How can international labor mobility be improved to help raise incomes around the world?

May 31, 2011

How can international labor mobility be improved to help raise incomes around the world?

Indian software engineers in Silicon Valley, illegal Mexicans in New York sweatshops, poorly treated Filipina maids in the Persian Gulf countries, or disgruntled North Africans in Europe.

Labor markets are much more segmented internationally than any other market. This extreme segmentation, and the huge wage gaps it gives rise to, induces illegal migrants from low-income countries to take serious risks and endure extreme hardships in the hope of improving their incomes and the living standards of their families back home. The average Jamaican worker who moves to the United States would increase his earnings by at least two-fold, a Bolivian or Indian by at least three-fold and a Nigerian by more than eight-fold.

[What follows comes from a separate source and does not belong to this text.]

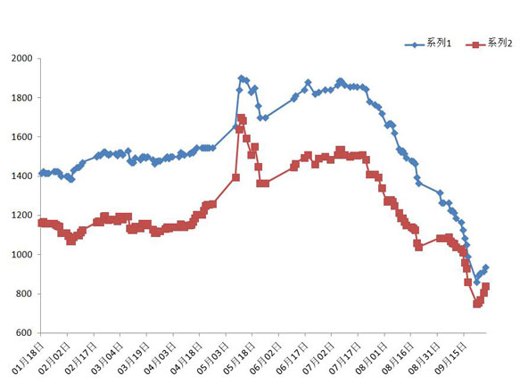 2021年1月-9月 天津港PB块、PB粉价格走势图

The reason such large wage gaps persist is not difficult to fathom. The visa policies of rich countries allow limited numbers of workers from poor countries to move in legally and take up jobs in their economies. Moreover, these restrictions tend to favor, increasingly, the skilled and well-educated workers from abroad.

If the leaders of the advanced nations were serious about boosting incomes around the world and in doing so equitably, they would focus single-mindedly on reforming the rules that govern international labor mobility. Nothing else on their agenda — not Doha, not global financial regulation, not even expanding foreign aid — comes even close in terms of potential impact on enlarging the global pie.

I am not talking about total liberalization. A complete, or even significant, reduction in visa restrictions in the advanced countries would be too disruptive. It would set off a mass migration that would throw labor markets and social policies in the advanced nations into disarray. But a small-scale program of expanded labor mobility would be manageable, and still generate very large economic gains for the migrant workers and their home economies.

Here is what I have in mind: Rich nations would commit to a temporary work visa scheme that would expand their total labor force by no more than 3%. Under the scheme, a mix of skilled and unskilled workers from poor nations would be allowed to fill jobs in the rich countries for a period of up to five years. To ensure that the workers return home at the end of their contracts, the programs would be supported by a range of carrots and sticks applied by both home and host countries. As the original migrants return home, a new wave of workers from the same countries would replace them.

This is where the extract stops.